PROBLEM TO SOLVE
The pictures are to be left out when the listing below is reproduced word for word.

RAW DATA
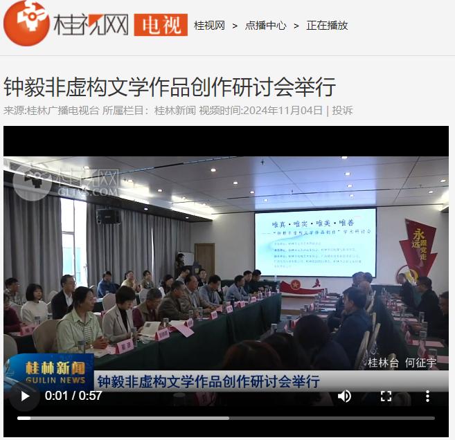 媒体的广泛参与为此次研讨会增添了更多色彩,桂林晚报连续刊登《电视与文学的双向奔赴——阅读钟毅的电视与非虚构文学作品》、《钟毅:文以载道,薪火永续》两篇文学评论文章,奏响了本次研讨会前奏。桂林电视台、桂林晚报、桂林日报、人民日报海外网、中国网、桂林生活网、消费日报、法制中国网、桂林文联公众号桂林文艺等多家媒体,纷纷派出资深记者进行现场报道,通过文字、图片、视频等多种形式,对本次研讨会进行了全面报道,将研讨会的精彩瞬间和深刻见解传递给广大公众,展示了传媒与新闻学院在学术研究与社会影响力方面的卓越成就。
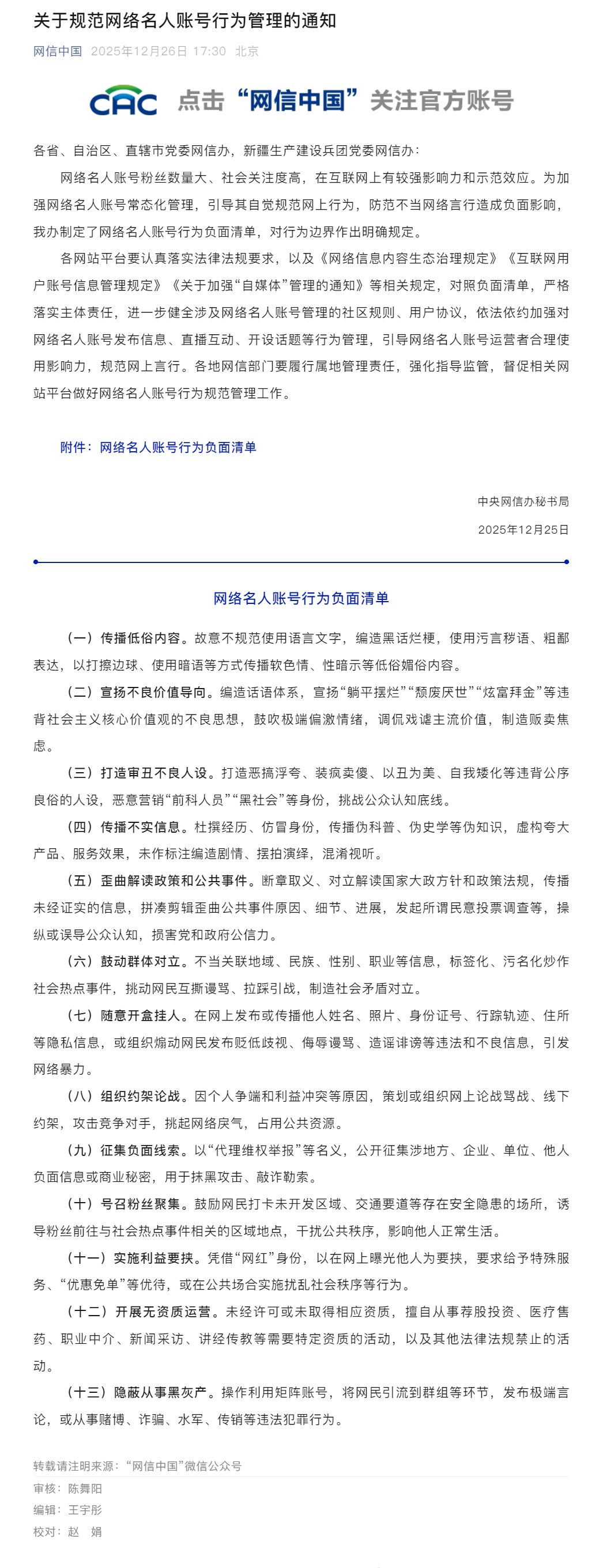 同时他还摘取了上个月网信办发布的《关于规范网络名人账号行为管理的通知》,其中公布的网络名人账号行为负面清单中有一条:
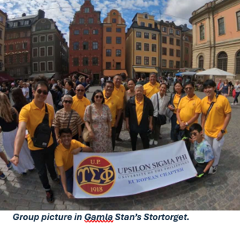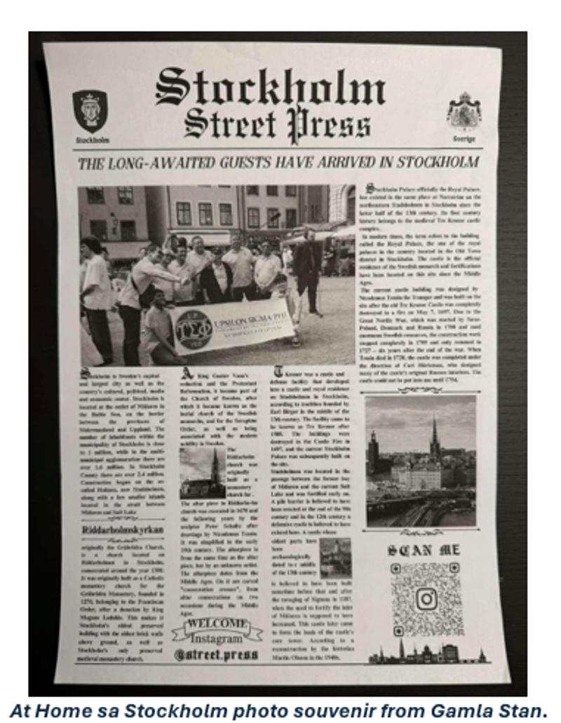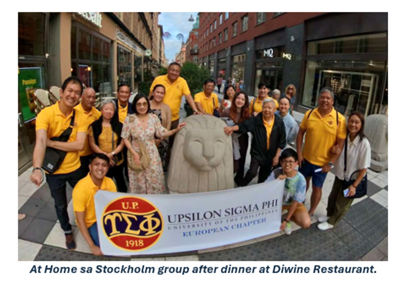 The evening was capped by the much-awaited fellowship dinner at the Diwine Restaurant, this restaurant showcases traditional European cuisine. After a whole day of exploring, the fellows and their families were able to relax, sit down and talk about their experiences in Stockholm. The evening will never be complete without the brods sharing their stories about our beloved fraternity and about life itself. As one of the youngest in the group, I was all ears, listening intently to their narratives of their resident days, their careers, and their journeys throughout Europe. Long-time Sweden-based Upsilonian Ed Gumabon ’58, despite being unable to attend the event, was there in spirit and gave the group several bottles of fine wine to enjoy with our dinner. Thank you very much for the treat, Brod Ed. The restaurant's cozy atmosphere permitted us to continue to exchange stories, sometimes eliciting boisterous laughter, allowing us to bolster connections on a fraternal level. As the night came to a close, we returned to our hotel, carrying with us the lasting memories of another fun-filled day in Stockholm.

SOLUTION TO THIS TASK
 媒体的广泛参与为此次研讨会增添了更多色彩,桂林晚报连续刊登《电视与文学的双向奔赴——阅读钟毅的电视与非虚构文学作品》、《钟毅:文以载道,薪火永续》两篇文学评论文章,奏响了本次研讨会前奏。桂林电视台、桂林晚报、桂林日报、人民日报海外网、中国网、桂林生活网、消费日报、法制中国网、桂林文联公众号桂林文艺等多家媒体,纷纷派出资深记者进行现场报道,通过文字、图片、视频等多种形式,对本次研讨会进行了全面报道,将研讨会的精彩瞬间和深刻见解传递给广大公众,展示了传媒与新闻学院在学术研究与社会影响力方面的卓越成就。
 同时他还摘取了上个月网信办发布的《关于规范网络名人账号行为管理的通知》,其中公布的网络名人账号行为负面清单中有一条:
 The evening was capped by the much-awaited fellowship dinner at the Diwine Restaurant, this restaurant showcases traditional European cuisine. After a whole day of exploring, the fellows and their families were able to relax, sit down and talk about their experiences in Stockholm. The evening will never be complete without the brods sharing their stories about our beloved fraternity and about life itself. As one of the youngest in the group, I was all ears, listening intently to their narratives of their resident days, their careers, and their journeys throughout Europe. Long-time Sweden-based Upsilonian Ed Gumabon ’58, despite being unable to attend the event, was there in spirit and gave the group several bottles of fine wine to enjoy with our dinner. Thank you very much for the treat, Brod Ed. The restaurant's cozy atmosphere permitted us to continue to exchange stories, sometimes eliciting boisterous laughter, allowing us to bolster connections on a fraternal level. As the night came to a close, we returned to our hotel, carrying with us the lasting memories of another fun-filled day in Stockholm.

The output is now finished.